Summary by CodeRabbit

New Features
- Default task results backend switched to RPC (RabbitMQ).
- Added Redis health checks and connection tuning options.
Bug Fixes
- Increased background job connection timeout (30s → 40s) for improved reliability.
- Reduced heartbeat interval (60s → 30s) to detect connection issues faster.
- Enabled automatic cancellation of long-running tasks on connection loss and added broker retry/startup resilience.

coderabbitai · 2025-11-16T05:53:13Z

Caution

Review failed

The pull request is closed.

Note

Other AI code review bot(s) detected

CodeRabbit has detected other AI code review bot(s) in this pull request and will avoid duplicating their findings in the review comments.
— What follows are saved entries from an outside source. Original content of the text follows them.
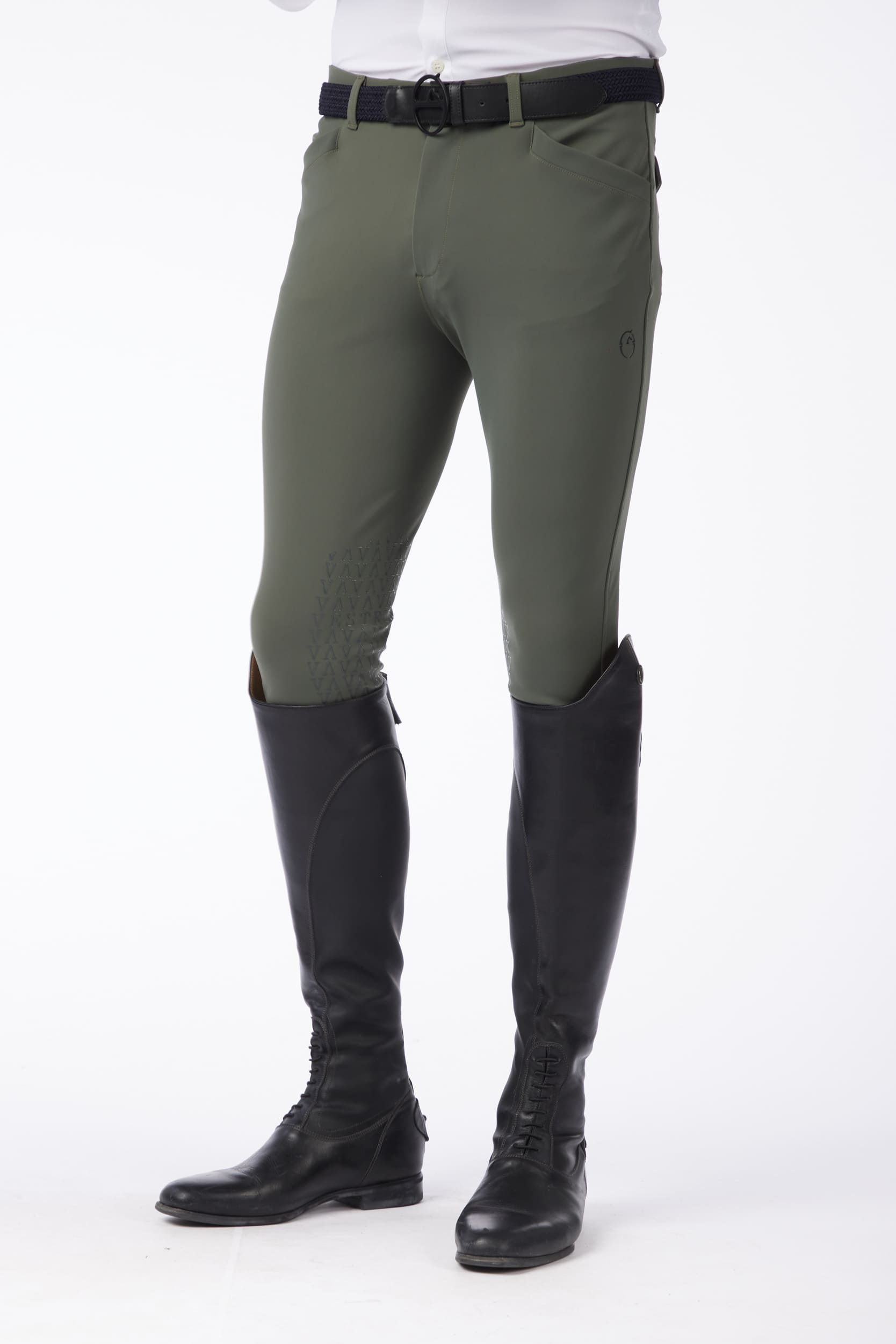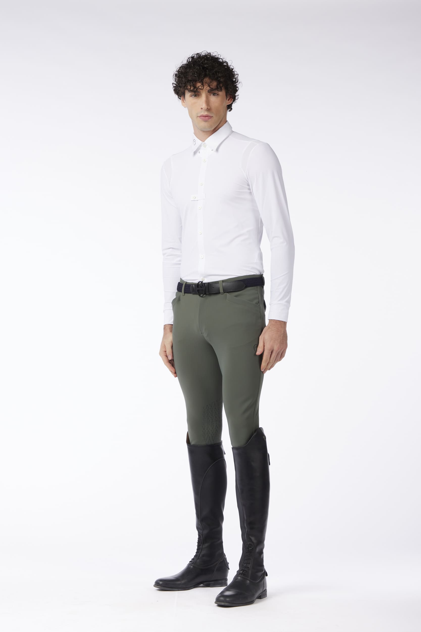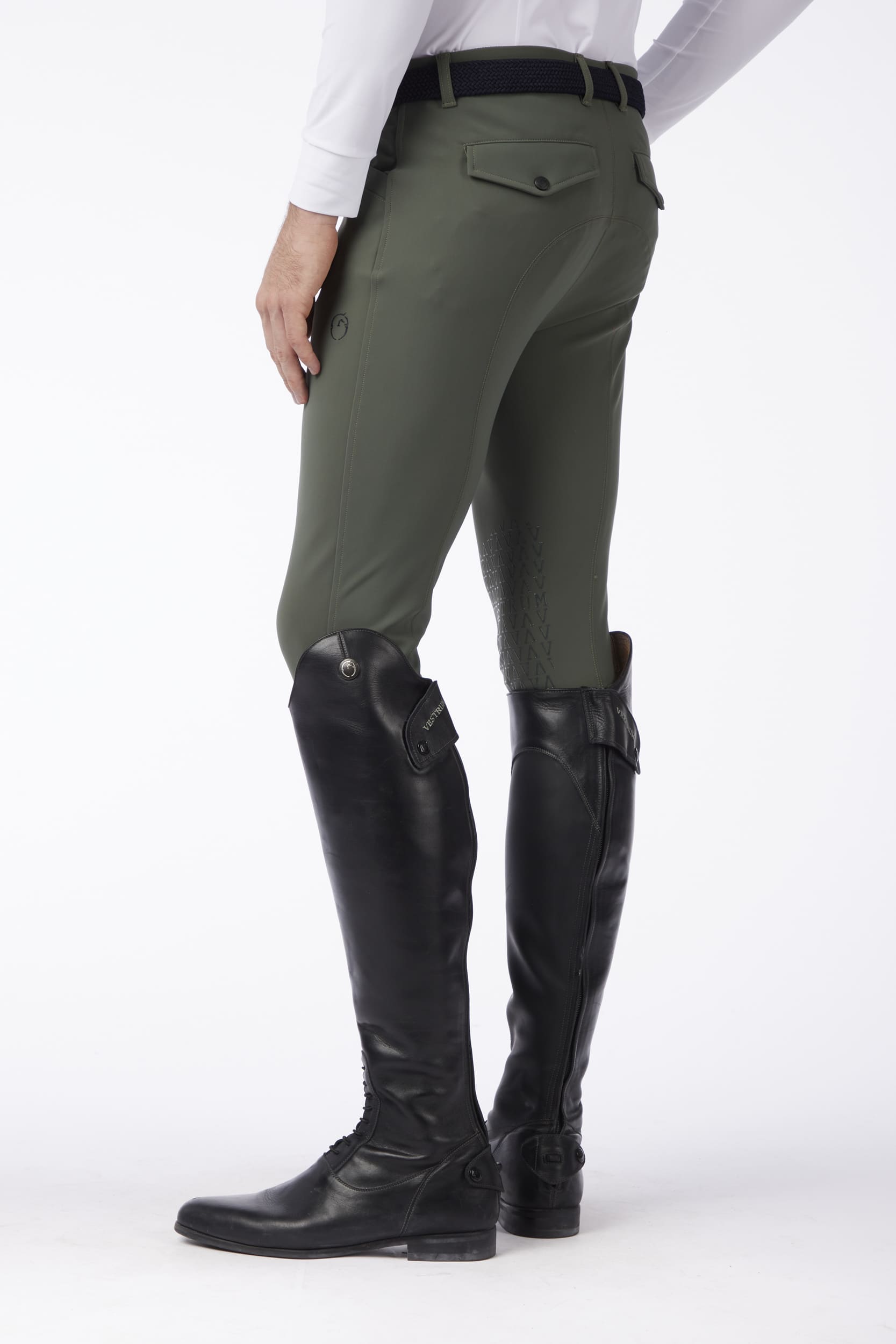 Men's riding breeches, San Diego is a comfort fit breeches with chino pocket, made with our peculiar bi-elastic material guarantees a unique comfort. Knee grip for a safe riding, two back pockets with one personalized press stud fastening.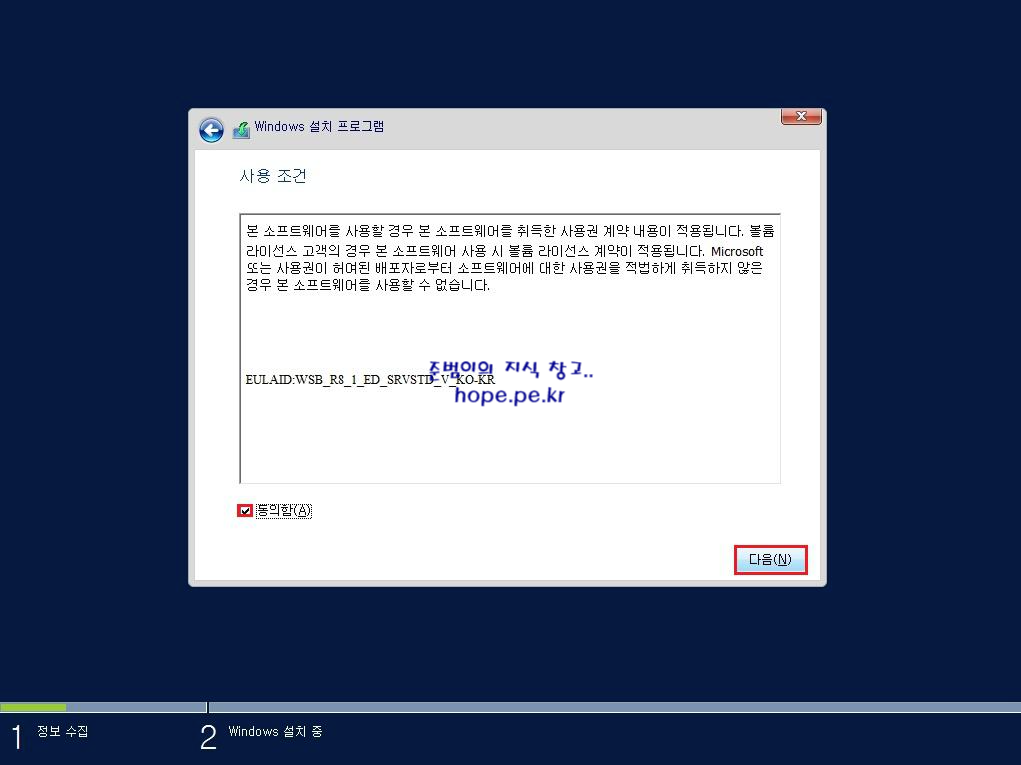 사용 조건 화면에서, 동의함 에 체크 후 다음 을 클릭 합니다.
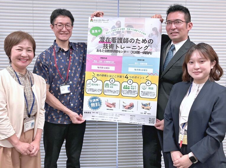 おもと会グループでは、子育てや介護などの理由で離職した「潜在看護師」の復職を支援するため、毎月2回、採血などの技術トレーニング研修を実施しています。キャッチコピーは「安心して失敗できる場所、何度でも練習できる場所」。復職に向けた一歩を踏み出すための環境づくりを目指しています。2023年度からスタートしたこの取り組みでは、これまでに延べ18人が研修を受講しています。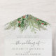 Schöne Hochzeitseinladungen mit handgemalten botanischen Aquarellbildern aus Wintergrün, Kiefer- und Fichtenzweigen, Kegeln und heiligen Beeren. Ideal für Hochzeiten im Winter oder Weihnachten.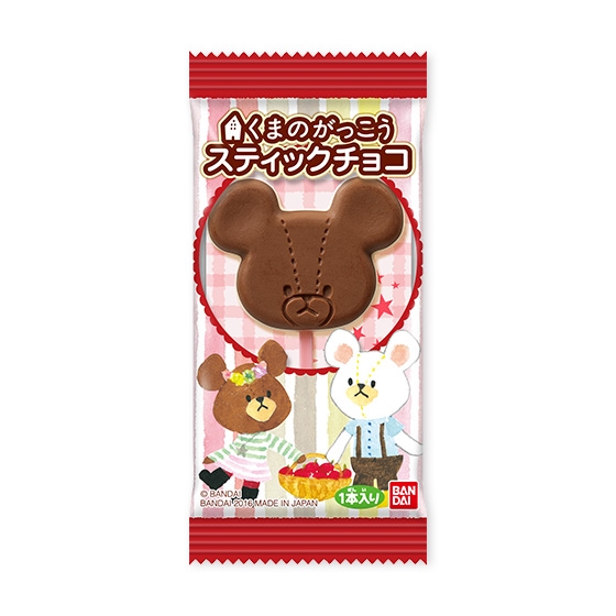 くまのがっこうスティックチョコ お気に入り お気に入り登録とは? 価格 90円(税込:97円) ※この商品は軽減税率8%対象商品です。 発売日 2016年9月6日 発売 売場 全国量販店の菓子売場等 商品アンケート ロングセラー人気絵本「くまのがっこう」の形をした可愛いくておいしいスティックチョコが登場! チョコの種類は、ミルクチョコがメインのジャッキーと、ホワイトチョコがメインのデイビッド2種類です。 チョコの台紙は5種類あり、どれが出るかは食べてからのお楽しみ。 ●スティックチョコ1本(全2種)1.ジャッキー2.デイビッド●スティックチョコ12g (C)BANDAI ※画像には複数ラインナップを組み合わせて撮影したものも含まれます。 ※価格はメーカー希望小売価格表示です。 ※店頭での商品のお取り扱い開始日は、店舗によって異なる場合がございます。 ※画像は実際の商品とは多少異なる場合がございます。 ※掲載情報はページ公開時点のものです。予告なく変更になる場合がございます。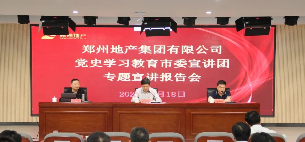 為持續(xù)推進黨史學習教育走深走實,5月18日上午,鄭州市委宣講團走進鄭州地產(chǎn)集團,在集團301多功能廳開展黨史學習教育專題宣講報告會。報告會由鄭州市委宣講團成員、鄭州工程技術(shù)學院馬克思主義學院副教授張豪主講,市國資黨史學習教育第二巡回指導組組長、四級調(diào)研員段德強,指導組成員張詩雨、陳祥斐到會巡聽旁聽,地產(chǎn)集團領(lǐng)導班子、總部全體員工,各子公司支部書記、黨建部門負責人等共計150余人參加現(xiàn)場報告會,各子公司員工共計170余人通過線上直播進行觀看,會議由地產(chǎn)集團黨委書記、董事長萬永生主持。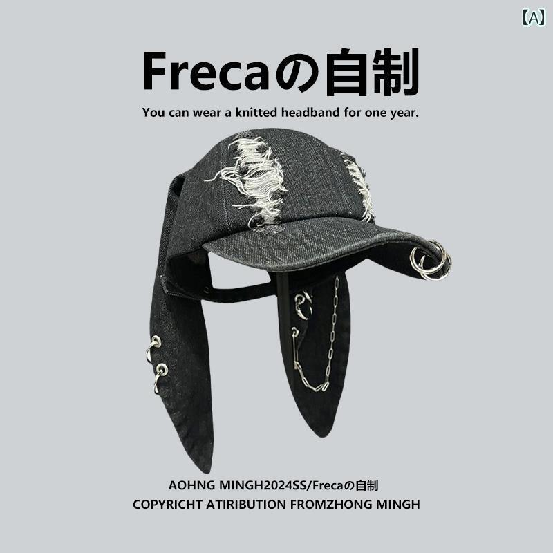 うさぎ耳 帽子 かわいい ダーク パンク バニー 耳 ひさし 帽子 デニム 穴 野球帽 女性な チェーン ヒップ ホップ 個性や び スタイル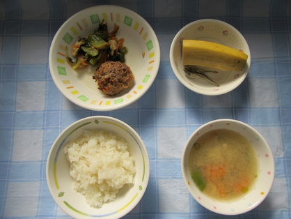 【昼食】ごはん・納豆ボール・小松菜の煮浸し・里芋のお味噌汁・バナナ・いりこ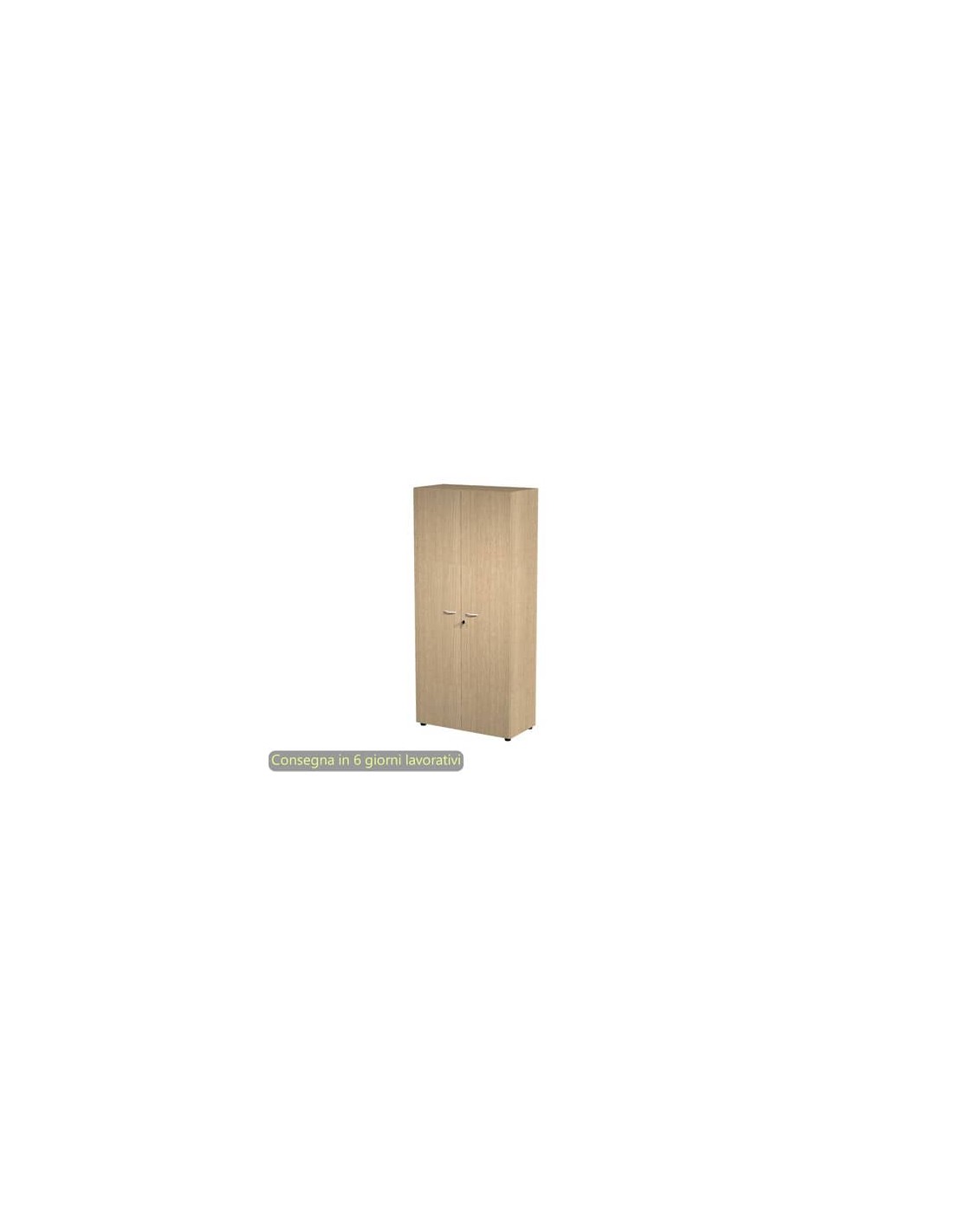 Realizzato in robusto melaminico bilaminato antigraffio ed antiriflesso, con ante alte battenti in melaminico spessore 18 mm, con serratura. Struttura di spessore 18 mm. Maniglie in ABS antiurto finitura alluminio. Dotato di 4 solidi ripiani ad alto spessore (25 mm), 3 riposizionabili ed 1 fisso (il secondo dal basso). Profondità utile dei ripiani 42,5 cm. Rifinito posteriormente, con spessore del dietro rigido di 10 mm, può essere utilizzato come parete divisoria. Dotato di piedini regolabili in altezza per un perfetto livellamento col pavimento.

This may lead to a less comprehensive review.

Walkthrough

Changed Celery defaults and health/transport settings: result backend default set to rpc://, new Redis and Celery worker health-related settings added, broker transport socket_connect_timeout increased to 40s and heartbeat reduced to 30s, and worker cancel-on-connection-loss enabled.

Changes

Cohort / File(s)	Change Summary
Celery settings `config/settings/base.py`	Set `CELERY_RESULT_BACKEND` default to `"rpc://"`; added `CELERY_WORKER_CANCEL_LONG_RUNNING_TASKS_ON_CONNECTION_LOSS = True`; added Redis-related settings `CELERY_REDIS_MAX_CONNECTIONS`, `CELERY_REDIS_SOCKET_TIMEOUT`, `CELERY_REDIS_SOCKET_KEEPALIVE`, `CELERY_REDIS_BACKEND_HEALTH_CHECK_INTERVAL`; added `CELERY_BROKER_CONNECTION_RETRY`/startup retry behavior; updated `CELERY_BROKER_TRANSPORT_OPTIONS` (`socket_connect_timeout`: 30→40, `heartbeat`: 60→30).
Environment files `envs/.ci/.django`, `envs/.local/.django`	Added `CELERY_RESULT_BACKEND=rpc://` with comment indicating RabbitMQ is used for results backend.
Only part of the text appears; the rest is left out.